File: Attachment_6_Distribution_of_sample_location_for_As

Description: This figure presents the distribution of sample locations for As. The color of points represents the number of samples in each location. Points data (e.g. data from LUCAS) were aggregated according to administration devotions.

File: Attachment_7_Distribution_of_sample_location_for_Cd

Description: This figure presents the distribution of sample locations for Cd. The color of points represents the number of samples in each location. Points data (e.g. data from LUCAS) were aggregated according to administration devotions.

File: Attachment_8_Distribution_of_sample_location_for_Co

Description: This figure presents the distribution of sample locations for Co. The color of points represents the number of samples in each location. Points data (e.g. data from LUCAS) were aggregated according to administration devotions.

File: Attachment_9_Distribution_of_sample_location_for_Cr

Description: This figure presents the distribution of sample locations for Cr. The color of points represents the number of samples in each location. Points data (e.g. data from LUCAS) were aggregated according to administration devotions.

File: Attachment_10_Distribution_of_sample_location_for_Cu

Description: This figure presents the distribution of sample locations for Cu. The color of points represents the number of samples in each location. Points data (e.g. data from LUCAS) were aggregated according to administration devotions.

File: Attachment_11_Distribution_of_sample_location_for_Ni

Description: This figure presents the distribution of sample locations for Ni. The color of points represents the number of samples in each location. Points data (e.g. data from LUCAS) were aggregated according to administration devotions.

File: Attachment_12_Distribution_of_sample_location_for_Pb

Description: This figure presents the distribution of sample locations for Pb. The color of points represents the number of samples in each location. Points data (e.g. data from LUCAS) were aggregated according to administration devotions.

File: Attachment_13_Code_for_models_development_and_data_analysis

Description: This file contains the code used in this study for model development and data analysis. The code is primarily written in Python, and the utilized packages are listed.

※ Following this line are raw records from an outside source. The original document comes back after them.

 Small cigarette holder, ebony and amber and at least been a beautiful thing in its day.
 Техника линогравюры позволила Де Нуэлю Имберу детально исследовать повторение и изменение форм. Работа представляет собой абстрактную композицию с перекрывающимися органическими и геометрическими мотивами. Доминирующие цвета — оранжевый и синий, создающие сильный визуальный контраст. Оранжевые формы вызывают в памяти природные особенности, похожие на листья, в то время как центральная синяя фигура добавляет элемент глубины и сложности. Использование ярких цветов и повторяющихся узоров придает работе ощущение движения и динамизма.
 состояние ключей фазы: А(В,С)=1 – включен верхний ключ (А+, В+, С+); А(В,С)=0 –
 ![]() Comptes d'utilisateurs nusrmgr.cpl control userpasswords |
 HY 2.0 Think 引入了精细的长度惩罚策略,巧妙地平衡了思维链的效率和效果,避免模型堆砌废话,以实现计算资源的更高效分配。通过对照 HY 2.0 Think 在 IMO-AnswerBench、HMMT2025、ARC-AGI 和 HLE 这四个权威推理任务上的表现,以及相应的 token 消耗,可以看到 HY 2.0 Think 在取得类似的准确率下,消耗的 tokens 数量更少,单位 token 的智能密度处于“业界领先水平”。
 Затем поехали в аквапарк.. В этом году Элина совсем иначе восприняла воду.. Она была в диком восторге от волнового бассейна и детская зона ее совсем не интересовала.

In this study, we synthesize a global soil concentration dataset for seven toxic metals: arsenic (As), cadmium (Cd), cobalt (Co), chromium (Cr), copper (Cu), nickel (Ni), and lead (Pb). This exhaustive compilation involved data from 1493 regional studies, encompassing 796,084 sampling points across a wide range of climate zones, geological settings, and land use types. Then, a series of covariates associated with soil contamination were used to construct predictive models for the distribution of toxic metal exceedance, including geological variables, climate variables, soil texture and basic physico-chemical properties, topography, and socioeconomic variables. All variables were resampled and reprojected to match the 10 km resolution grid of the toxic metal distribution.

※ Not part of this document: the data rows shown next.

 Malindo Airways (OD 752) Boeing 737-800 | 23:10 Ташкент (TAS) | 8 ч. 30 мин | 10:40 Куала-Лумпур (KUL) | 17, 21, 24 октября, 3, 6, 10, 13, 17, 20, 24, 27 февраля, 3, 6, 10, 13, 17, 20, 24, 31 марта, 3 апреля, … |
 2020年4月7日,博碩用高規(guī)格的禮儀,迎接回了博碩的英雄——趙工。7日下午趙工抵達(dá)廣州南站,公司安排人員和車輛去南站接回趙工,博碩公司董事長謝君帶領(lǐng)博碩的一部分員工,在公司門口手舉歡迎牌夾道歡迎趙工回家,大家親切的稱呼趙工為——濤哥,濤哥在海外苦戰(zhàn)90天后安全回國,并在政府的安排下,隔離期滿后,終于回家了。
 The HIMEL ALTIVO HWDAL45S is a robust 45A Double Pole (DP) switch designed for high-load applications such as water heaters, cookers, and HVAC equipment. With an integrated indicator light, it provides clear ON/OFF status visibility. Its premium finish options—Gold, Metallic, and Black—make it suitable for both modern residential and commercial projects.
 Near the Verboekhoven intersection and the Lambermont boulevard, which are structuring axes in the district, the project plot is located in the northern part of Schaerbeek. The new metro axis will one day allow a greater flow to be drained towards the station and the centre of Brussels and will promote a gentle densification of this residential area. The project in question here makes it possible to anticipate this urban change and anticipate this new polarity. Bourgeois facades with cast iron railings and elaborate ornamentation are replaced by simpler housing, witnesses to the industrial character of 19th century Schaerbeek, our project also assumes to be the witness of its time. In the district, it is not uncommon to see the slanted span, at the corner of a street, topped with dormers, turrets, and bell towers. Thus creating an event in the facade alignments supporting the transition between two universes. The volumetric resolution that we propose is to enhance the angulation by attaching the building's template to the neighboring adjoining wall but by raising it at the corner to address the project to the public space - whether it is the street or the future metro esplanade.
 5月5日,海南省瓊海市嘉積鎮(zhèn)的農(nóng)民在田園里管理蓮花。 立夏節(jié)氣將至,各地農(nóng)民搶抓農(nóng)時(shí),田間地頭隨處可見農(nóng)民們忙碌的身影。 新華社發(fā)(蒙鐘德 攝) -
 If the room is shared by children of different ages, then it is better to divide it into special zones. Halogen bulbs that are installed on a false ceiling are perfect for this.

The dataset was randomly divided into training and test sets in an 8:2 ratio. In order to avoid overfitting and multicollinearity, and improve model performance and interpretability, feature selection was conducted with the combination of recursive feature elimination and Pearson correlation analyses. After a preliminary comparison of ten machine learning algorithms, extremely randomized trees (ERT) emerged as the top-performing model for further refinement. Grid search was used to optimize the key hyperparameters in ERT, including the number of trees, the maximum depth of the tree, the minimum number of samples required to be at a leaf node, the minimum number of samples required to split an internal node and the function to measure the quality of a split. The optimized model was subsequently evaluated by a range of metrics, such as balanced accuracy (BA), sensitivity, specificity, F1 score, average precision (AP), the area under the Receiver Operating Characteristic Curve (AUC), and Cohen's kappa coefficient (KIA). Then, the optimized models were utilized to predict pollution probabilities for 2,000,000 pixels, enabling the generation of global pollution probability maps for different toxic metals. Areas covered by desert and permafrost were excluded, resulting in a final dataset of 1,290,000 remaining pixels.